How to input Chinese characters in gnome
Contents
Writing in Pinyin
Pinyin is the transcription of the spoken Chinese language in Latin characters. Each character has a tone which can be entered via the keyboard's various layers. E.g. on a German keyboard, buttons for ' and ` are available which allows to write the second (e.g. má) and fourth tone (e.g. mà). The first tone can be composed by holding <alt gr> + <shift> + <+> then the character (e.g. mā), the third by <alt gr> + <shift> + <ä> then the character (e.g. mǎ).
Fonts
Preferred modern font
Optional fonts
Legacy fonts
optionally also
using ibus
ibus is a DBus-based daemon which supports different input method modules (IMmodules) and integrates well with e.g.

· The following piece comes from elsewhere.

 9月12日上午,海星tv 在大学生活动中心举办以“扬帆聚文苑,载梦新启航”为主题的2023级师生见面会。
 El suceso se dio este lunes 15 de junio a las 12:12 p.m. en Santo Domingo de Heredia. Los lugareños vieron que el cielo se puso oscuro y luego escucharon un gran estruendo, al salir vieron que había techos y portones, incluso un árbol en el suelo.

KDE 4, GNOME. The documentation can be found at I18n/ibus
using UIM
Install the packages uim libuim0 uim-common uim-gtk2.0 uim-prime uim-utils
- Exit from Package manager, close all windows
- restart gdm :
su cd /etc/init.d ./gdm restart
Setup
Start uim-pref-gtk (type this in a terminal window)

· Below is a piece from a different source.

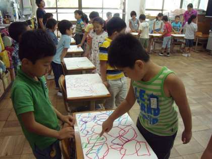 今日は9月11日の校内研究の事前授業がありました。子ども達は自分がみつけたかげを友達にみせてお話をしながら、友達のかげの形の面白さをみつけていました。この授業はかげに関する絵本の読み聞かせやかけクイズをした後に、運動場や花道の自分が好きな影の形を写し取って、友達と見せ合います。さあ、どんな授業に仕上がっていくか楽しみです。

change the setting for selection of chinese input from <Shift>-Space to <Ctrl>-Shift (<Alt>-Shift did not work)
Usage
Change over to chinese input with <ctrl>-Shift Select an alternate chinese character with <Ctrl>-N
To edit and enter Pinyin, add all vowels into the character palette: áéíóúàèìòùāēĩōūăĕĭŏŭǚ
using SCIM
Setup
Install the package scim
The file README.Debian in /usr/share/doc/scim contains the necessary documentation.
To convert pinyin into Chinese, also add scim-pinyin. Gnome-Users should also add scim-gtk2-immodule to make use of the the GTK IM (GTK input method).

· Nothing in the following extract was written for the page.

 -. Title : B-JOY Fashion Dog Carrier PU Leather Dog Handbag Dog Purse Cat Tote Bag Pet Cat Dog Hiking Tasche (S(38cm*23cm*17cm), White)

If you are not using an US-English keyboard, your keyboard has to be defined in file ~/.scim/global. If that file does not exist, start scim in a terminal and terminate with Ctrl-C. Check you locale LANG with the terminal command locale, for German it is e.g. de_DE.utf8. Add the line /SupportedUnicodeLocales = <your_locale> to that file.
If there are many users on a system and use the same locale, you may want to consider changing the system configuration file /etc/scim/global to set the supported locale.
Usage
Just start a GTK+/GNOME program, right-click somewhere on an input field and choose "Input Methods -> SCIM Input Method" in the pop-up menu, and SCIM should automatically start if it's not started yet. Now pressing Ctrl-space should also activate SCIM and show a toolbar. You can start typing and suggestions are being made. There are alternative ways described in the documentation mentioned above.
using Fcitx
- Install Chinese locale
You can do this with dpkg-reconfigure:
su # dpkg-reconfigure locales
Now choose the locale that you want to use, e.g ZN - CN - UTF8 locale.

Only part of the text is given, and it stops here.